Bitte um Transparenz zu diplomatischen Maßnahmen und Szenarioannahmen in Bezug auf einen möglichen Krieg mit Russland
Sehr geehrte Frau Tesfaiesus,
mit Sorge habe ich jüngste Aussagen von Patrick Sensburg, dem Präsident des Deutschen Reservistenverbandes, über mögliche tägliche Verluste deutscher Soldatinnen und Soldaten im Ernstfall zur Kenntnis genommen (1.000 getötete oder verletzte pro Tag!).
Ich bitte um schriftliche Auskunft zu folgenden Punkten:
1. Auf welche Szenarien und Quellen stützen sich die genannten Verlustschätzungen?
2. Welche diplomatischen Maßnahmen werden derzeit priorisiert, um ein solches Szenario aktiv zu verhindern?
3. Warum wird in öffentlichen Aussagen selten betont, dass Kriegsvermeidung oberste Priorität besitzt und welche Mittel dazu ausgeschöpft werden?
4. Wie stellen Sie sicher, dass Sprache, die Menschen als „ersetzbar“ erscheinen lässt, öffentlich nicht normalisiert wird?
Vielen Dank für Ihre Rückmeldung.
Mit freundlichen Grüßen
Andreas S.
Sehr geehrter Herr S.,
vielen Dank für Ihre Anfrage.
Die Dynamik eines Krieges lässt sich nie präzise vorhersagen. Auch ein möglicher Angriff Russlands auf NATO-Gebiet wäre ein Szenario, bei dem weder Zeitpunkt noch konkrete Verlaufsform prognostiziert werden können.
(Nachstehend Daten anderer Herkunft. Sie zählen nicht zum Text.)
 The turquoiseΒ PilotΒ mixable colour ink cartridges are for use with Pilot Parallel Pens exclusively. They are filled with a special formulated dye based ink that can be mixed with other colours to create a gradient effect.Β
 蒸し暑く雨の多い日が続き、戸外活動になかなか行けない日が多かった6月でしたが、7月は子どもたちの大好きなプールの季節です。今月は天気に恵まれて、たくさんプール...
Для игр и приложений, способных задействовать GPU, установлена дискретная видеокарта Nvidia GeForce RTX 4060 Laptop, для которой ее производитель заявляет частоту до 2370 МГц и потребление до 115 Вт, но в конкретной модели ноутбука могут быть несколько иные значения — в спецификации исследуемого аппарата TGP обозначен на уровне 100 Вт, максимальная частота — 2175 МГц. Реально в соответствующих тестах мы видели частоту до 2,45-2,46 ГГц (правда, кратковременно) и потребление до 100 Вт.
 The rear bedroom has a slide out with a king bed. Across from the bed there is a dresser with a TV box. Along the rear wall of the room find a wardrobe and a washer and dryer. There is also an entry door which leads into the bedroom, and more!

Genau deshalb ist die Bundesregierung gefordert, alle politischen und diplomatischen Mittel auszuschöpfen, um Eskalationen zu verhindern und Sicherheit in Europa zu stärken.
Angesichts der Tatsache, dass Frieden und Stabilität in Europa keine Selbstverständlichkeit mehr sind, gerät die Bundeswehr zunehmend als zentraler Pfeiler unserer Verteidigungsfähigkeit in den Mittelpunkt. Deutschland muss in enger europäischer Abstimmung und innerhalb der NATO Entschlossenheit zeigen, um Russland abzuschrecken und im Ernstfall zivile wie militärische Verluste so gering wie möglich zu halten. Zugleich ist klar: Militärische Verteidigung ist kein Ersatz für Konfliktprävention. Auch vor dem Hintergrund wachsender hybrider Bedrohungen braucht es ein erweitertes Sicherheitsverständnis, das Diplomatie, Resilienz, Prävention und internationale Zusammenarbeit einschließt.
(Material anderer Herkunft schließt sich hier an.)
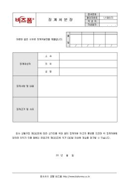 »ç¿øÀÌ À߸øÀ¸·Î ¡°èóºÐÀ» ³»¸± °æ¿ì¿¡ »ç¿ëÇÏ´Â ¼­½ÄÀÌ´Ù. ±¸¼º¿ä¼Ò´Â ¡°è´ë»óÀÚ, ¡°è»çÇ׳»¿ë, ¡°è±Ù°ÅÀÌÀ¯µîÀ¸·Î ±¸¼ºµÇ¾î ÀÖÀ¸¸ç ¡°èóºÐÀåÀ» ±³ºÎÇÏ´Â µ¿½Ã¿¡ Á÷¿ø°³Àκ° ±â·ÏÄ«µå¿¡ ±â·ÏÇϰí Àλç¸í·ÉÀ¸·Î ¹ß·ÉÇÑ ÈÄ Áï½Ã ¡°èóºÐÀå »çº»À» ÷ºÎÇÏ¿© »ç°ÇÀÇ ³»¿ëÀ» º»»ç¿¡ º¸°íÇÏ¿©¾ß ÇÑ´Ù.
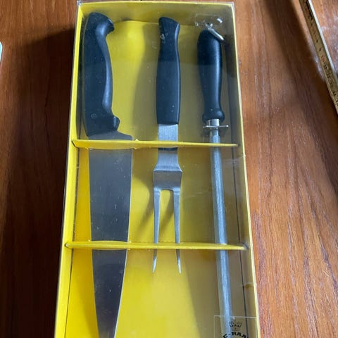 Dette stilfulde udskæringssæt består af en kniv og udskæringsgaffel i deres originale æske, fra HK of Norway. Begge dele er lavet i håndstøbt kvalitet, tin og har det traditionelle norske Acanthus-design, med dets buede blademotiver, der ofte findes i udskæring af trægenstande og møbler.
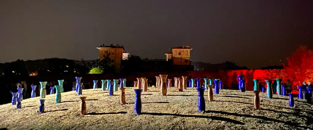 The park surrounding the l'Ambrogiana Medici Villa, in Montelupo Fiorentino hosts, from May 2022, the site specific installation by artist Marco Bagnoli "Settantadue nomi - Italian Garden", made up of 72 vases in blue, green and copper-coloured glazed ceramic, arranged in quincunxes (four elements at the top of the sides of a square and the fifth in the centre), that symbolically represent Earth in the moment of its creation.
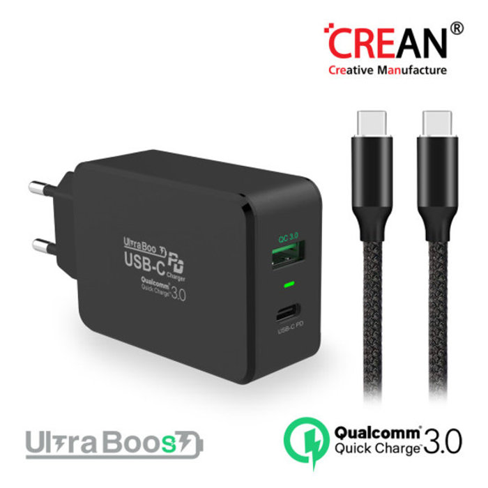 크레앙 크레앙 울트라부스트 33W PD 고속 충전기 (PA33) C to C 케이블 포함
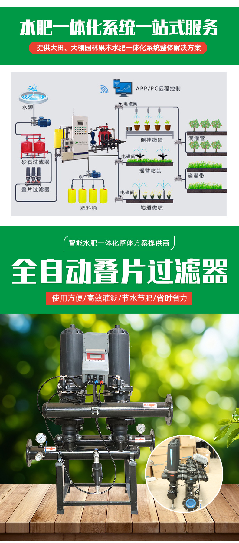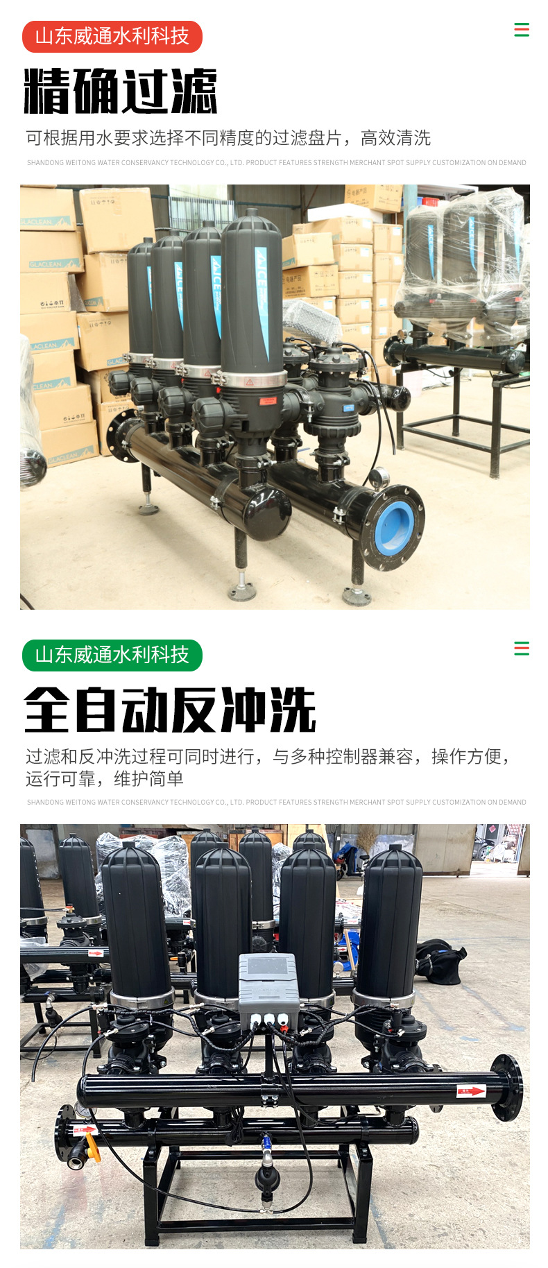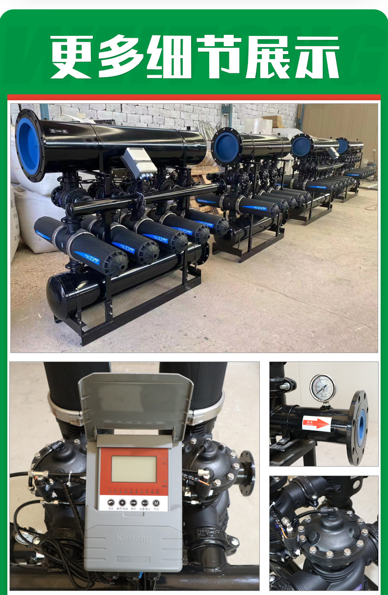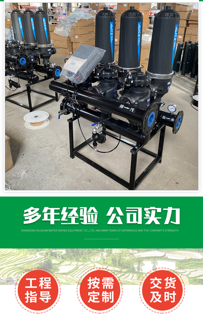 Полностью автоматический ламинированный фильтр для очистки воды в сельскохозяйственных системах орошения с функцией автоматической обратной промывки.

Spekulative Verlustzahlen tragen aus unserer Sicht nicht zu einer verantwortungsvollen sicherheitspolitischen Debatte bei. Für Auskünfte über die Herkunft der von Herrn Sensburg genannten Schätzungen müssten Sie sich direkt an ihn wenden. Unabhängig davon teile ich die Einschätzung, dass die Reserve gestärkt werden muss und Freiwillige, die sich engagieren möchten, nicht vor verschlossenen Türen stehen dürfen.
Dabei gilt: Menschen sind nicht ersetzbar. Jede politische Entscheidung – gerade in der Debatte über die Wiedereinführung der Wehrpflicht – muss diese Haltung widerspiegeln. Sicherheitspolitik muss sich an demokratischen Werten und der Unantastbarkeit der Menschenwürde orientieren. Deshalb setzen wir uns für freiwillige Modelle, wie ein Gesellschaftsjahr, ein.
Vielen Dank nochmals für Ihre Anfrage. Wir hoffen, Ihnen eine hilfreiche Einordnung geben zu können.